> **EXERCISE GOAL**
What are the lines below, starting at the line containing "Chefish features a" and ending at the line containing "In terms of"? Write them out exactly, ends included, without pictures.

> **RECORDED DATA**
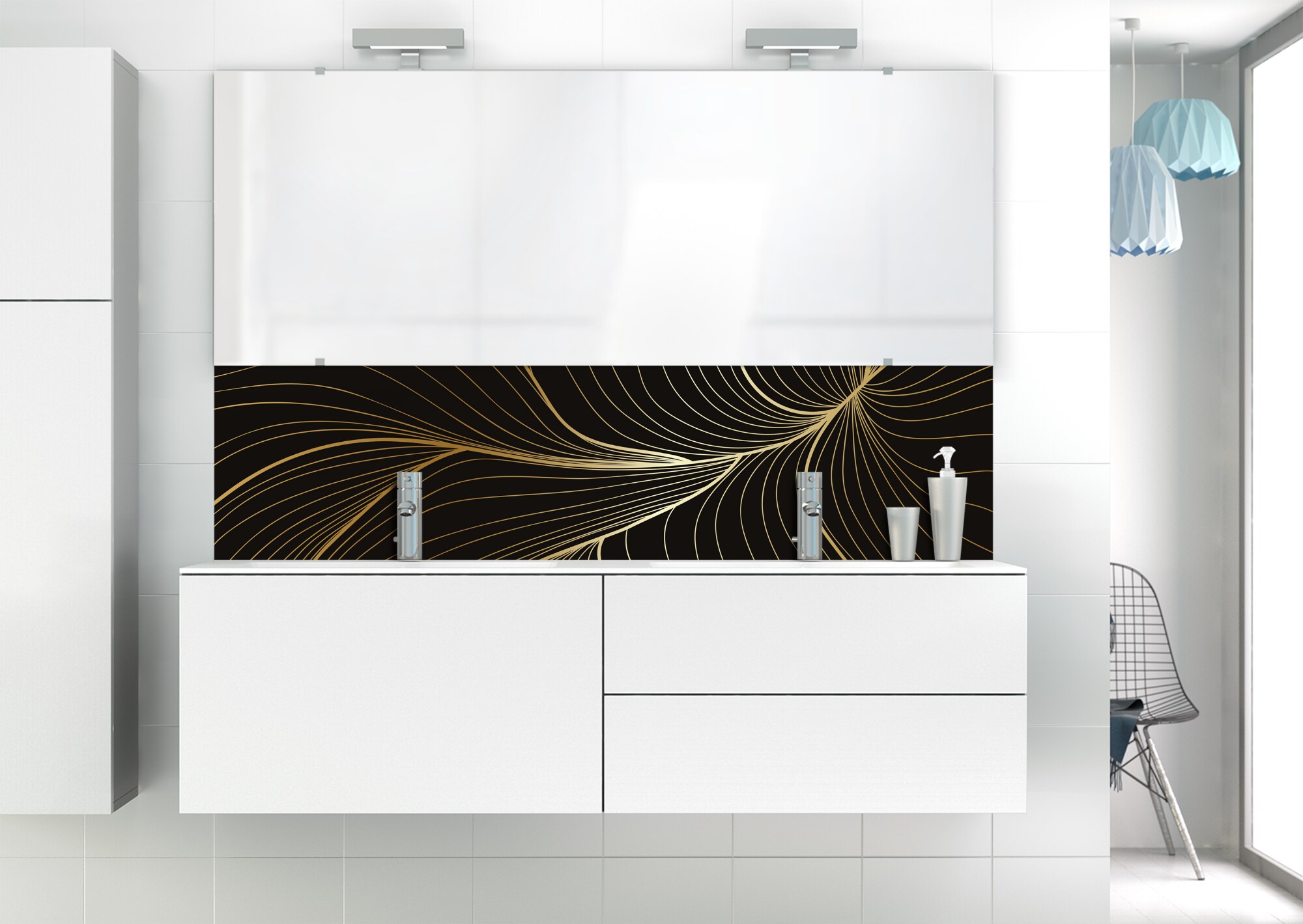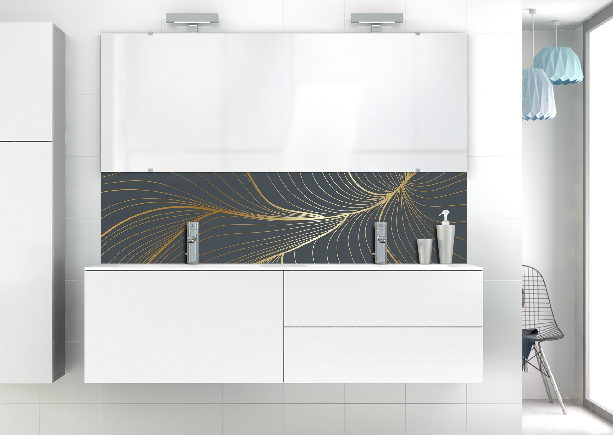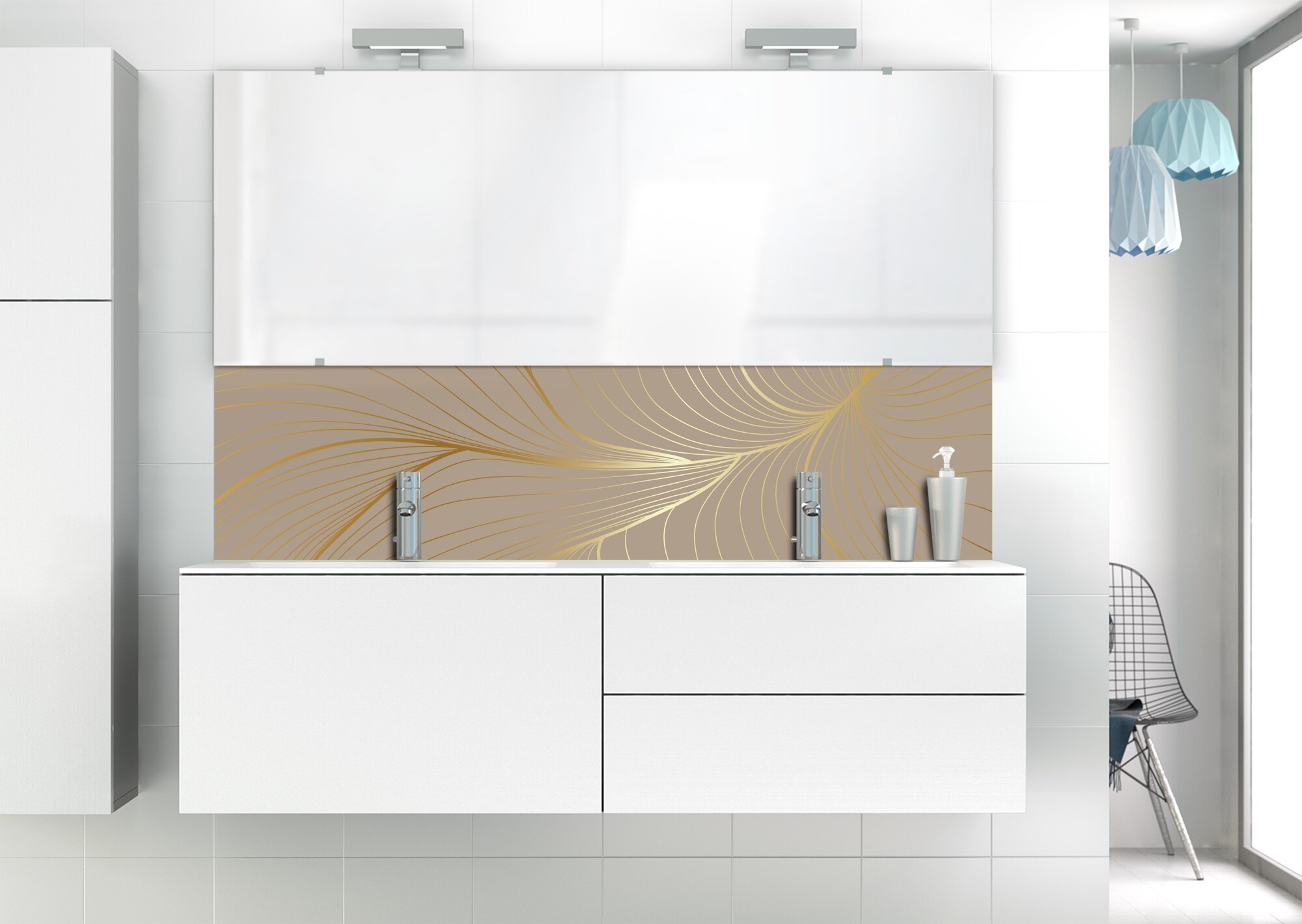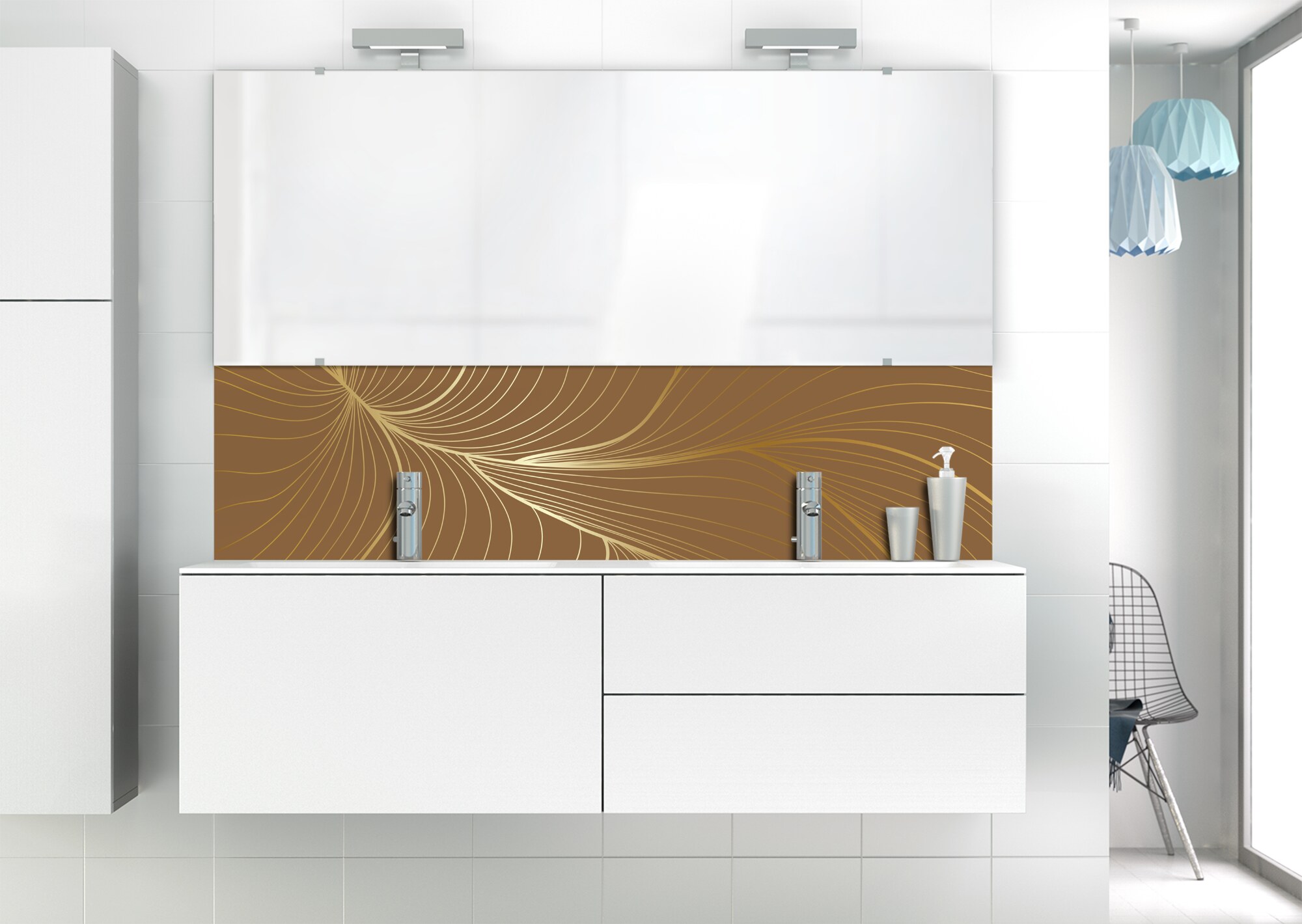 L'élégance du doré dans votre salle de bain avec un panneau de vasque aux lignes courbes et sensuelles de ce décor Volupté. Disponible en 25 couleurs tendances, choisissez celle qui révèlera votre personnalité dans la déco de votre salle de bain.
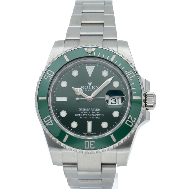水深300mでも信頼性と精度が保証されているサブマリーナー。116610LVは文字盤とベゼルにロレックスのコーポレートカラーであるグリーンを用いることで特別なモデルとなっています。
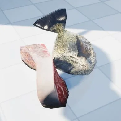 Chefish features a dynamic cooking system based on vertex paint values, allowing for realistic frying of foods where only surfaces in contact with heat elements will cook. This paint detection method allows for gameplay such as needing to flip burgers or steaks in order to cook on both sides before plating.
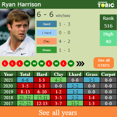 In terms of his career, Harrison has an overall 305-278 record. He has a positive 176-148 record on hard.
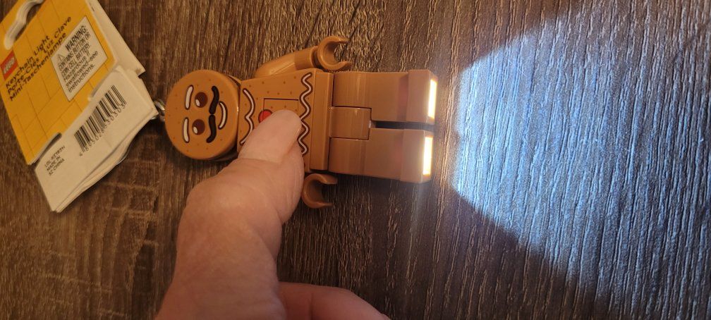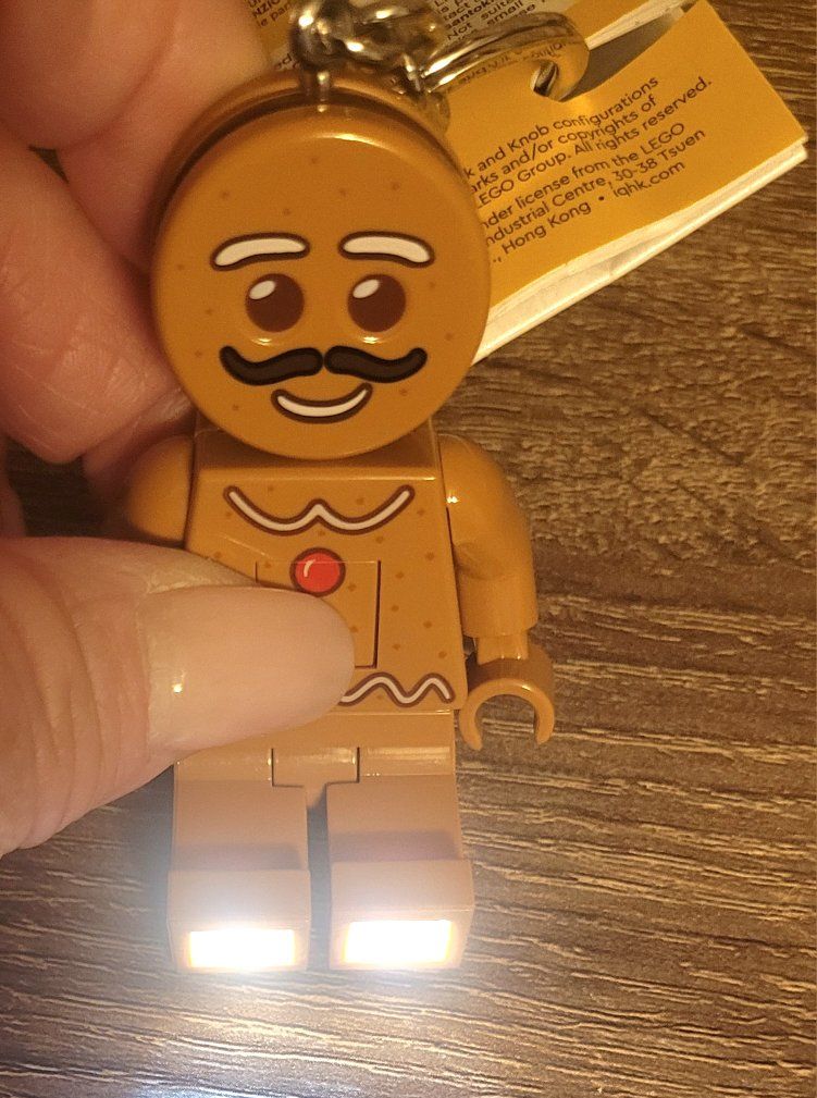 Add a touch of iconic LEGO charm to your everyday carry with the LEGO Gingerbread Man Keychain Light. Designed for more than just the holidays, this sweet character is a functional, year-round tool for LEGO fans ages 6 and up. ENHANCED 3-INCH SIZE: Standing at 3 inches (76mm) tall, this figure is a 175% scale replica, making it a substantial and easy-to-find accessory for your gear. This is not standard LEGO minifigure size. DUAL LED FOOT LIGHTS: Brighten up walkways or find keyholes with ease. Simply press and hold the button on the Gingerbread Man’s chest to activate two powerful LED lights located in the feet. FULLY POSABLE DESIGN: This large figure features a movable head, arms, hands, and legs. Aim the light beams in different directions by posing the legs to suit your needs. VERSATILE EDC ACCESSORY: The durable metal key ring securely attaches to backpacks, purses, lunch bags, or lanyards. It’s a functional tool for everyday carry (EDC), ideal for finding items in a car or bag. BATTERIES INCLUDED: Ready to use! Includes 2 long-lasting CR2025 3V batteries that are also easily replaceable for continued use. Recommended for ages 6 and up

> **SOLUTION TO THE EXERCISE**
 Chefish features a dynamic cooking system based on vertex paint values, allowing for realistic frying of foods where only surfaces in contact with heat elements will cook. This paint detection method allows for gameplay such as needing to flip burgers or steaks in order to cook on both sides before plating.
 In terms of his career, Harrison has an overall 305-278 record. He has a positive 176-148 record on hard.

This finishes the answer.